_DATA RECORDS_.

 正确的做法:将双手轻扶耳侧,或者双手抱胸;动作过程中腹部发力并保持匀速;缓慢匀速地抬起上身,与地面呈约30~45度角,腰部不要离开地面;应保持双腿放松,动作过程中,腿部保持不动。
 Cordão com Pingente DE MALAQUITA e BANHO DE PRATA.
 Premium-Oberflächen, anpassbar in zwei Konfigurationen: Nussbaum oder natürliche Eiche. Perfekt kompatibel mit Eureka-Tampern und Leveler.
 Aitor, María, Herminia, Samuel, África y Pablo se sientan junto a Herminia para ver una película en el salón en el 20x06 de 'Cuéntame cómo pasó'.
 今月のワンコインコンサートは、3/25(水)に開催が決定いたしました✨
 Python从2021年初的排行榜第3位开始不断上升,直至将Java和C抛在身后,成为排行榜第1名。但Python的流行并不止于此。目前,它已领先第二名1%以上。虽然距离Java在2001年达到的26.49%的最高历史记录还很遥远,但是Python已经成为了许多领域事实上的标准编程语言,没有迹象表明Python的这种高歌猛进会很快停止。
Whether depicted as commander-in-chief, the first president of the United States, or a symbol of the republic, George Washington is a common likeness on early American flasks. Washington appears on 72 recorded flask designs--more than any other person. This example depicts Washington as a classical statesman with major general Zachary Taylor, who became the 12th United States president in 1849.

--

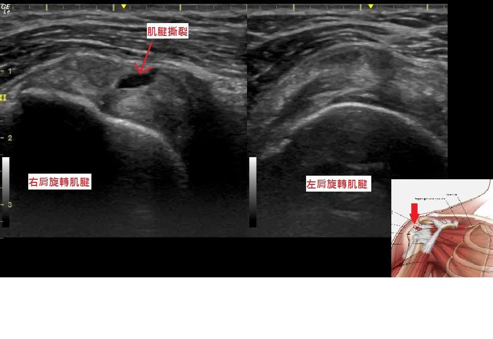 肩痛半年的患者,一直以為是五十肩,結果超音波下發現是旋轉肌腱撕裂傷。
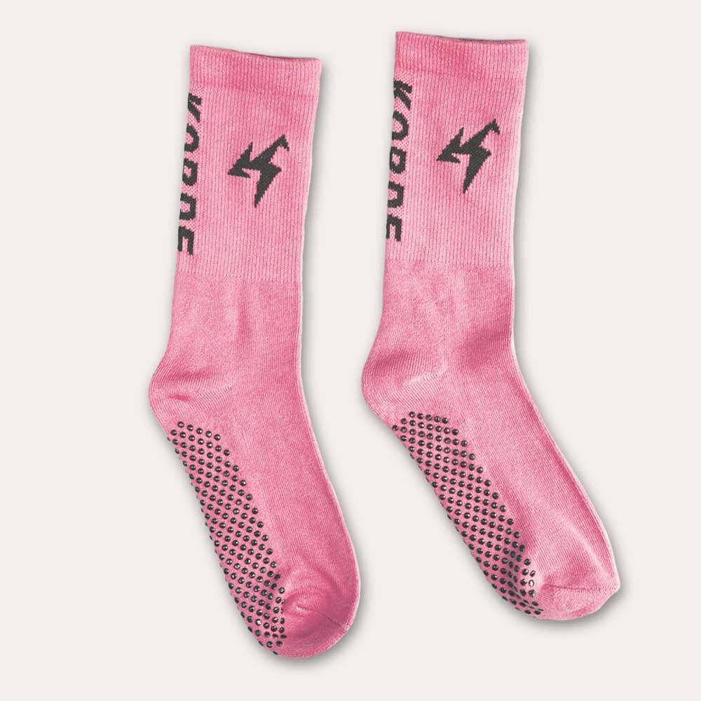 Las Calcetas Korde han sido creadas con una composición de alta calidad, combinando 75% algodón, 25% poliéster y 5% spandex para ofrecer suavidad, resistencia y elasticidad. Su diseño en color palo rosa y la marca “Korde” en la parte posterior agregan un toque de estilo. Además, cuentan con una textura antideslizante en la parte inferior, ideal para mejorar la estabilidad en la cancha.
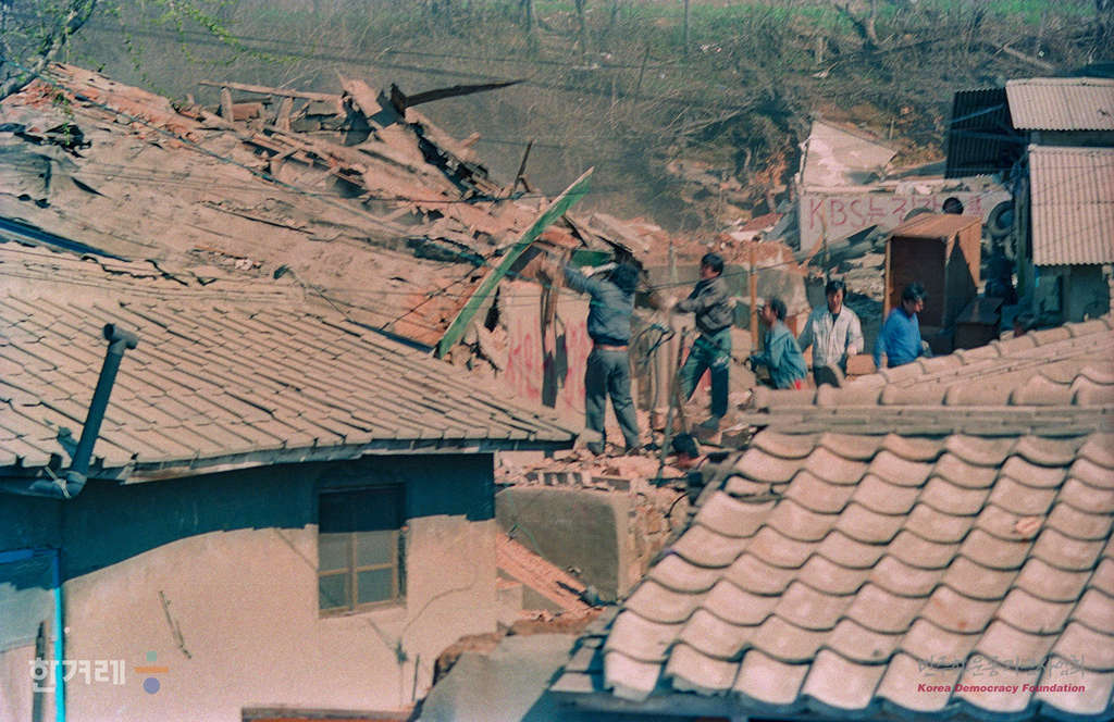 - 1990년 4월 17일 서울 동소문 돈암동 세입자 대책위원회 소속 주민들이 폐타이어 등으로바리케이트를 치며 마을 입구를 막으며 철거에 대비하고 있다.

_YOUR ASSIGNMENT_. Your answer must be the lines above from the one containing "今月のワンコインコンサートは、3/25(水)に開催が決定いたしました✨" to the one containing "Whether depicted as", both included, restated word for word.

_TASK RESPONSE_.
 今月のワンコインコンサートは、3/25(水)に開催が決定いたしました✨
 Python从2021年初的排行榜第3位开始不断上升,直至将Java和C抛在身后,成为排行榜第1名。但Python的流行并不止于此。目前,它已领先第二名1%以上。虽然距离Java在2001年达到的26.49%的最高历史记录还很遥远,但是Python已经成为了许多领域事实上的标准编程语言,没有迹象表明Python的这种高歌猛进会很快停止。
Whether depicted as commander-in-chief, the first president of the United States, or a symbol of the republic, George Washington is a common likeness on early American flasks. Washington appears on 72 recorded flask designs--more than any other person. This example depicts Washington as a classical statesman with major general Zachary Taylor, who became the 12th United States president in 1849.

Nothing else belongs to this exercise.